В наши дни тенденции опять в корне изменились. Сейчас людям нужно вновь уметь выражать свои чувства. Психотерапевты сокрушаются, что многие мужчины оказались загнанными в ловушку, поскольку лишены предоставленного им природой инструмента для выражения горя – способности плакать.

Однако если давать выход эмоциям отдельных людей в наши дни поощряется, то «групповые слезы» вызывают удивление. Необычный траурный спектакль развернулся в Северной Корее в 1994 г., когда долго находившийся у власти лидер Ким Ир Сен скончался. Фотографии с похорон, растиражированные западными СМИ, немало озадачили европейцев: улицы были заполнены облаченными в траурные одеждами корейцами, которые громко рыдали и прочими способами выражали скорбь, не обращая ни малейшего внимания на камеры. Некоторые рвали на себе волосы или пытались пробиться сквозь оцепление к похоронной процессии, сопровождавшей умершего лидера в последний путь. Что это: последствия культа личности, взращенного тоталитарным режимом? Возможно. Однако не следует забывать, что еще в начале Нового времени подобные публичные выражения скорби были в Европе скорее правилом, нежели исключением.

И все же в западном мире до сих пор существует публичная зона, находясь в которой обычные люди проливают крокодиловы слезы перед всем честным народом: мы говорим, разумеется, о телевидении. Большинство реалити-шоу построено на демонстративном проявлении эмоций, в том числе и плача. К примеру, в программах, в основе которых лежит соревновательный принцип, проигравшие в финале зачастую разражаются бурными рыданиями: неважно, идет ли речь о красивой молодой женщине, занявшей второе место в «Топ-модели по-американски», или же о брутальном лесорубе, который напрасно боролся за победу на экзотическом острове в «Последнем герое». Подобная эмоциональность легко передается зрителям, по крайней мере самым чувствительным, однако зачастую все это лишь искусно написанный сценарий. Заключительные сцены в умелых руках монтажера могут быть составлены из разных фрагментов, снятых в совершенно иных ситуациях, а если финальное крещендо в виде рыданий заставляет себя ждать, можно прибегнуть к проверенному в телевизионной среде способу – специальному ментоловому карандашу для слез.

Смех без причины

Не следует также, веселя окружающих, зубоскалить и делать неподобающие жесты, гримасничать и ломаться, ибо зачем унижать себя в угоду другим – это ремесло не порядочного человека, но шута и скомороха.

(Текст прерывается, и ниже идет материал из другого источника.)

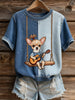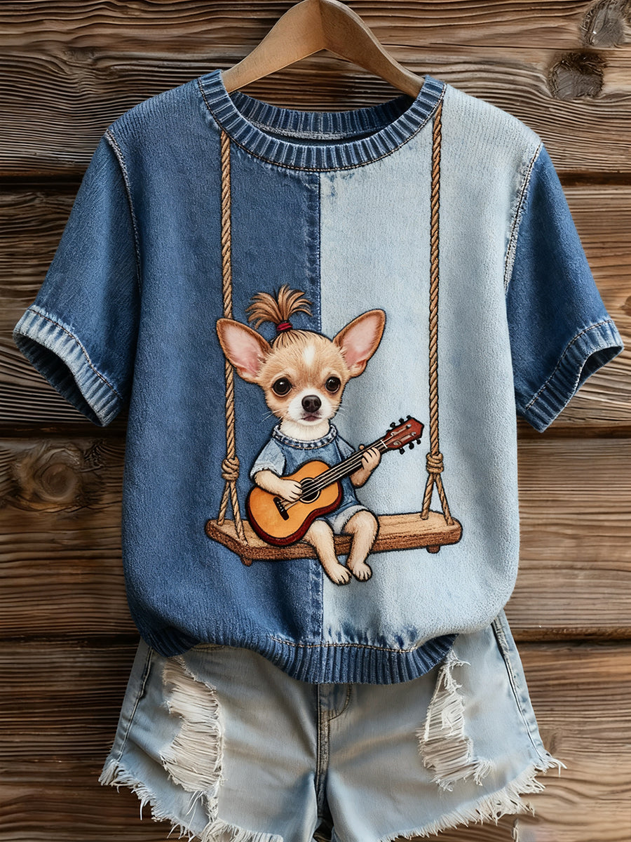 Жените артистични животински печат удобен плетене с къс ръкав отгоре

Джованни делла Каза. Галатео, или Об обычаях (1558)

Хорошо воспитанным дамам не подобает размахивать руками при ходьбе, есть на улице, сосать ручку зонтика, протискиваться сквозь толпу, шуметь и громко разговаривать или смеяться в толпе, а также шептаться на людях.

Томас Хилл. Пособие по этикету Викторианской эпохи (1873)

В Средние века советы делла Каза и профессора Хилла, автора «Пособия по этикету Викторианской эпохи» (The Essential Handbook Of Victorian Etiquette), вызвали бы явное недоумение, а человека, им следующего, посчитали бы черствым. Михаил Бахтин в своей работе «Творчество Франсуа Рабле и народная культура Средневековья и Возрождения» утверждает, что смех и пародия в ту пору выполняли важнейшие функции. Гротескный, карнавальный хохот громогласно раздавался как на площадях, так и в церквях.

В городах карнавалы традиционно длились вплоть до трех месяцев в году, так что праздник являлся существенной частью средневекового уклада. В это время все переворачивалось с ног на голову и смеяться было можно над чем угодно. После пасхальных празднований хохот гремел в церкви, где священники обменивались шутками. Смех считался выражением радости, связанным с воскрешением Христа. В ходу были и пародийные литургии, к примеру «Литургия пьяниц» и «Литургия игроков». Наряду с этим в память об усопших устраивались шумные пирушки с возлияниями.

В праздничные дни рынки и улицы наводняли танцующие люди, шуты и скоморохи. Шутов выбирали в епископы, а головным убором им служило нижнее белье. Спиртное лилось рекой. Помимо пародий средневековый юмор также был сосредоточен на человеческом теле и его выделениях. Шутки практически всегда были связаны с выпивкой, обжорством, сексом, половыми органами, мочой или экскрементами.

Специфику средневекового юмора хорошо передает история о встрече поэта Данте и придворного шута. Присутствующие забавлялись игрой, согласно которой человек должен был делать все, что прикажет ему партнер. Шут велел Данте снять с головы шляпу и помочился в нее – под бурный хохот остальных. Поэт невозмутимо наблюдал за всеобщим весельем, а когда подошла его очередь, приказал шуту надеть использованную не по назначению шляпу на голову.